特別ルールのベンチ入り26人がリーグVのカギに?「救援陣をどう構築するか」

巨人のルビー・デラロサ【写真:荒川祐史】

林昌範氏「特別ルールがペナントレースの行方を左右する可能性が十分にある」

【林昌範の目】
林昌範です。今月19日にプロ野球がいよいよ開幕しますね。新型コロナウイルスの感染拡大で3か月も開幕が延期になったので楽しみにされているファンの方も多いと思います。

今年は試合数が120試合の予定になり、無観客試合でスタートするなど例年と状況が全く違います。気になったニュースは1軍ベンチ入り人数の拡大です。日本野球機構(NPB)と日本プロ野球選手会が事務折衝を行い、新型コロナウイルス感染拡大に伴う特別ルールで合意しました。1軍の選手登録人数が29人から31人に、ベンチ入り人数が25人から26人に拡大され、延長も10回で打ち切られることに。この特別ルールがペナントレースの行方を左右する可能性が十分にあると思います。

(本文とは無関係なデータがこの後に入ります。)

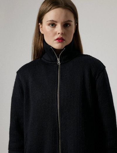 Diese Strickjacke mit Reißverschluss ist aus recycelten Fasern gefertigt und verfügt über ein warmes, strukturiertes, schweres Rippstrickgewebe. Ein hoher Trichterkragen und ein durchgehender Zwei-Wege-Reißverschluss vorne tragen zu ihrer Attraktivität bei. Die lockere Passform und die langen Ärmel sorgen für Komfort, während die Seitentaschen die Funktionalität erhöhen. Klare Linien vervollständigen dieses mühelos kombinierbare Kleidungsstück.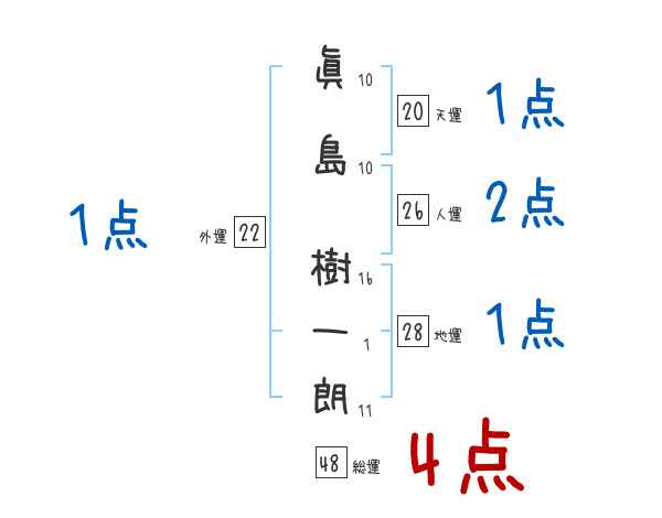 地運![]() | 眞島樹一朗さんの地運は28画の1つ星!家庭環境に注意。スポーツで活躍できる能力があるかも。 個性を表す基礎的な運勢です。性格形成や対人関係、行動力など家庭環境に影響されます。主に誕生してから20歳くらいまでの若年期の運勢を表します。 |

6連戦が続く過密日程が予想され、特に投手は体にかかる負担が大きいです。先発投手で言えば、例年は春季キャンプ、オープン戦で体を作って球数を増やしていくことでコンディションを上げていきますが、今年はコロナの影響で1か月以上実戦から離れたため、万全の状態で開幕に入るのは厳しいと思います。長いイニングを投げさせることは故障のリスクを伴います。延長10回で打ち切りになることで、各球団は早いイニングから継投策を頭に入れて戦いを進めるのではないでしょうか。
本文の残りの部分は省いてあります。